<<<<

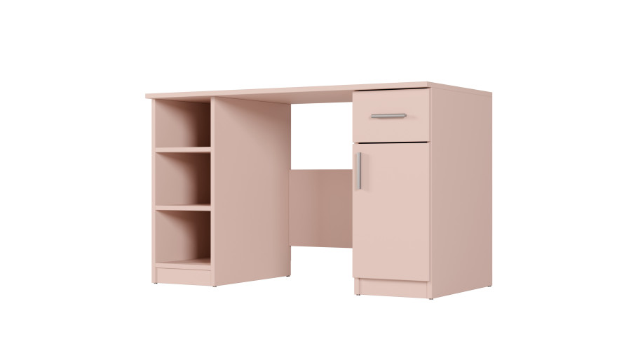 Розовый цвет придает столу дружелюбный, детский характер и помогает создать теплую, позитивную атмосферу в детской комнате. Нежный цвет хорошо сочетается с другой детской мебелью и может стать гармоничным элементом в учебном и игровом пространстве. Стол изготовлен из ламинированной плиты толщиной 18 мм, что обеспечивает структурную стабильность и долговечность при ежедневном использовании. Кромка из ПВХ защищает края от механических повреждений, а задние панели из HDF усиливают всю конструкцию.
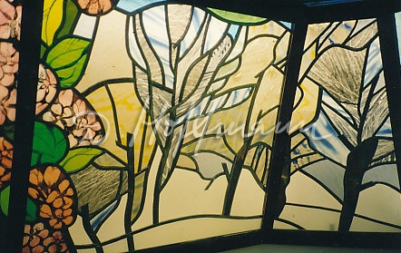 "Papavers" in "Lukoil" restaurant, Moscow 1997"Papavers", fragmentCeiling panel, restaurant in Saint Petersburg 2002Corridor windows, Pitäjänmäki school in HelsinkiPitäjänmäki School in Helsinki, fragment
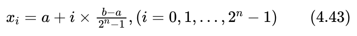 艾博士:对于在区间[a,b]上的实数x,n位二进制数可以表示0到 2^(n-1) 共 2^n 个数,按从小到大的顺序,第i位编码对应x的第i个取值xi ,则:
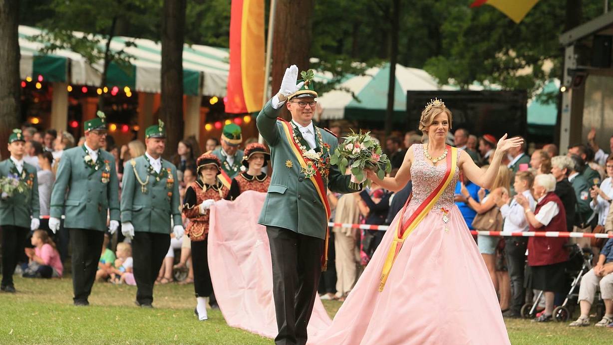 Bei der Parade: Paderborns Schützenkönig Ralf Brinkmann mit Königin Monika Koch. | © Uli Petzold
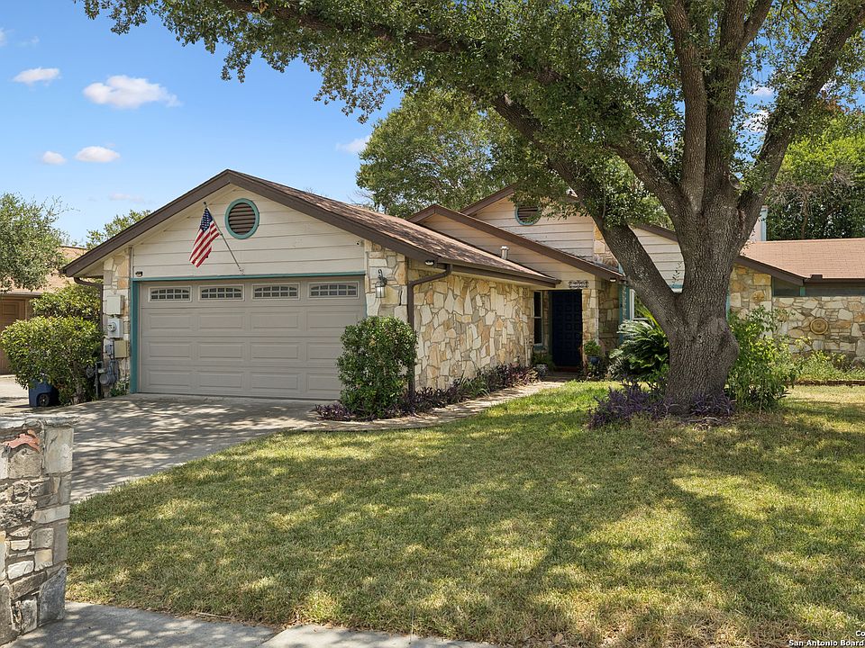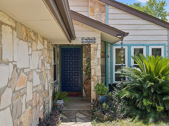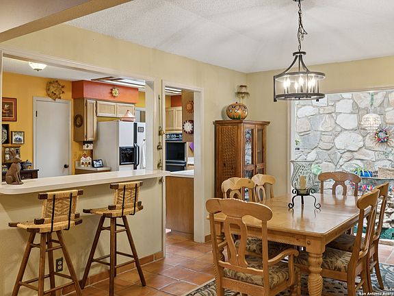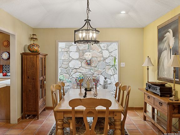 Welcome to 12038 Vista Nogal, a charming and character-filled home nestled in a peaceful San Antonio neighborhood. This 2-bedroom, 2-bath residence offers 1,480 square feet of inviting living space with Saltillo tile flooring throughout, creating a warm and timeless Southwestern feel. The kitchen is equipped with double ovens and a smooth cooktop-perfect for home chefs and entertainers alike. The living room features a cozy fireplace and vaulted ceiling, while the primary bedroom offers a private retreat with its own fireplace and ensuite bath. Step outside and fall in love with the backyard deck-ideal for outdoor dining, relaxing, or entertaining under the shade of mature trees. Additional highlights include a 2-car garage, stone exterior, and beautifully landscaped front yard. This home blends indoor comfort with outdoor charm in a truly special way.
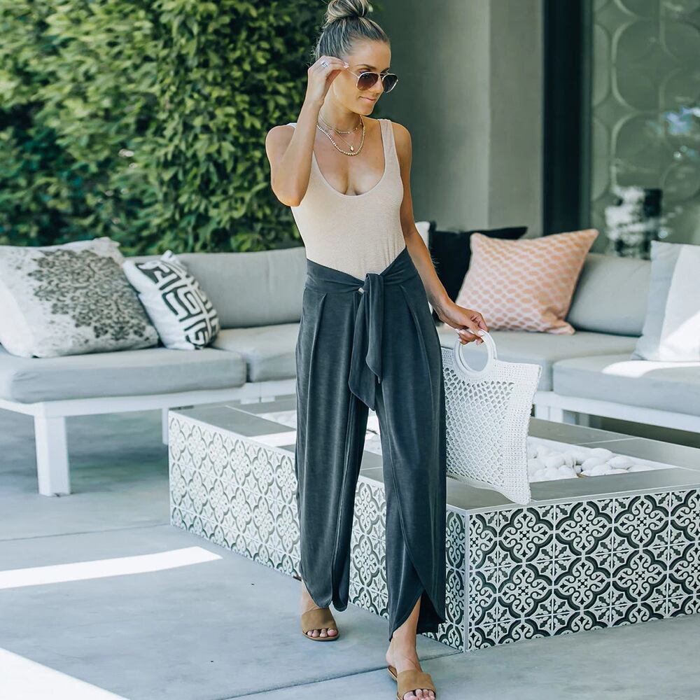 秋新作 ニットパンツ ワイドパンツ ロングパンツ スリット リボン付き レディース 着痩せ
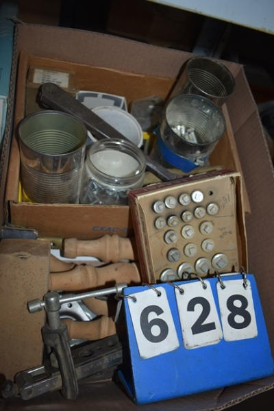 Box lot consisting of washers, screws, machinist's bolts, gas tank plugs
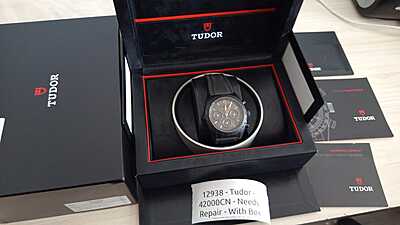 This Tudor 42000CN watch has been recently serviced, ensuring its functionality and performance. It comes complete with its original box, adding to its collectible value and convenience for storage or gifting. A timeless timepiece that combines both style and reliability.
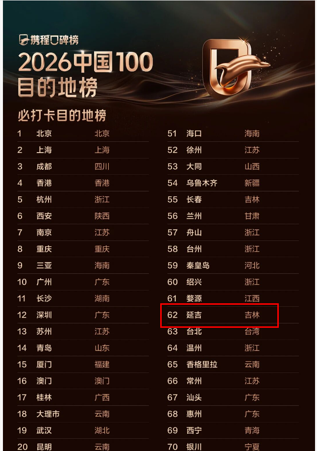 최근 씨트립 평판순위는 ‘2026 중국 100대 목적지 순위’를 공식 발표했다. 연길은 높은 인기와 뛰여난 종합실력을 바탕으로 성공적으로 선정되여 필수방문목적지 62위에 올랐다. 이는 연길시가 3년 련속 이 순위에 오른 것이다.

>>>>

> [What you need to do]
Given the listing above, retype only the span of lines from the line with "in Helsinki, fragment" up to and including the line with "Bei der Parade: Paderborns", exactly as it stands and without pictures.

> [Expected answer]
 "Papavers" in "Lukoil" restaurant, Moscow 1997"Papavers", fragmentCeiling panel, restaurant in Saint Petersburg 2002Corridor windows, Pitäjänmäki school in HelsinkiPitäjänmäki School in Helsinki, fragment
 艾博士:对于在区间[a,b]上的实数x,n位二进制数可以表示0到 2^(n-1) 共 2^n 个数,按从小到大的顺序,第i位编码对应x的第i个取值xi ,则:
 Bei der Parade: Paderborns Schützenkönig Ralf Brinkmann mit Königin Monika Koch. | © Uli Petzold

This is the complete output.